The Ministry of Health of the Russian Federation has developed a draft law changing the rules for personalized medicine. The draft amendments to the law “On the Circulation of Medicines,” which is published on the official portal, establish a special procedure for gene therapy products manufactured for a specific patient. The new norms will take effect on March 1, 2028.
Exemption from Registration for Patient Benefit
The main innovation is the exemption of individual gene therapy products from the mandatory state registration requirement. This harmonizes Russian law with EAEU standards, which already allow the use of unregistered medicines if they are produced strictly for a specific individual. The term “tissue-engineered medical products” is also introduced.
Full-Cycle Control
Despite the exemption from registration, the circulation of such drugs will be strictly regulated. The draft law covers the entire cycle: from development and preclinical studies to quality control, storage, and mandatory destruction. Only clinics that have received a special permit from the Government of the Russian Federation will be able to manufacture these products.
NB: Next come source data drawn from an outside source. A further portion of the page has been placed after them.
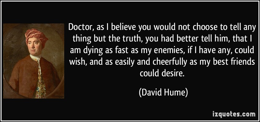 David Hume was a Scottish philosopher, historian, economist, and essayist, who is best known today for his highly influential system of radical philosophical empiricism, skepticism, and naturalism... (wikipedia)
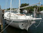 Catspaw's underbody features an outboard rudder, modest draft, slack lines, and a long straight keel. These features result in stable troublefree steering and an easy motion. Catspaw is comfortable on the open sea, but is also well suited to gunkholing more shallow environments such as the Bahamas.
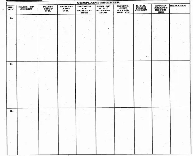 - Complaints should be sorted out within two days. In case of delay due to whatever reason, the maintenance supervisor should inform the client accordingly.

Scientific and Ethical Expertise
A multi-level verification system is provided for patient safety:
- Scientific Assessment: A specialized federal institution will issue permits for the manufacture of products synthesized based on the results of the patient’s genetic material research.
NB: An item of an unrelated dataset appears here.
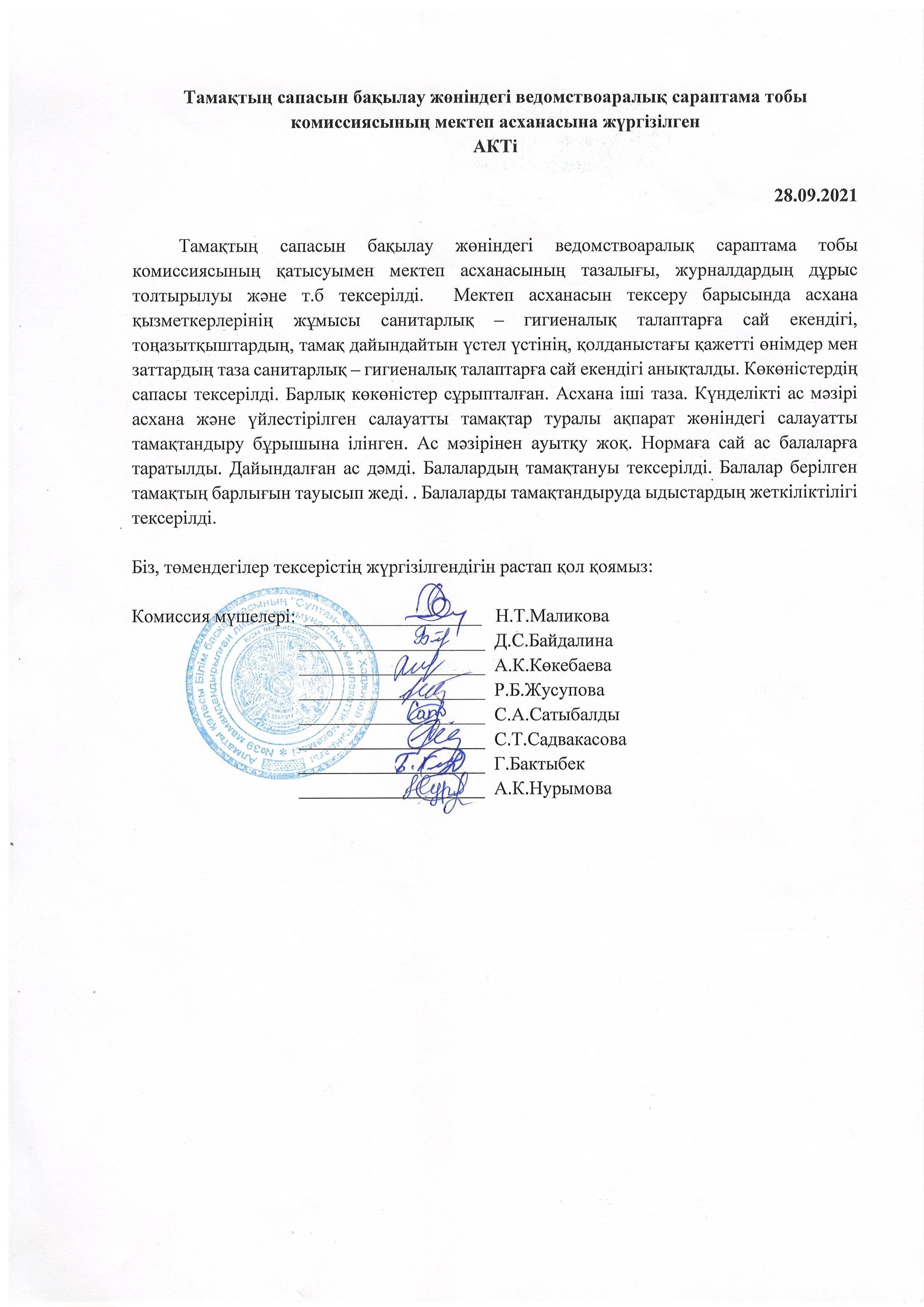» Тамақтану сапасына мониторинг жүргізу актісі

- Ethical Expertise: An ethics council will issue opinions on the justification for using such individual drugs.
Post-registration monitoring of efficacy and safety is assigned to Roszdravnadzor.
Focus on Technological Sovereignty
The initiative continues the development of genetic technologies in Russia through 2030. The goal is to develop original high-tech products for treating socially significant diseases and to strengthen the country’s drug security.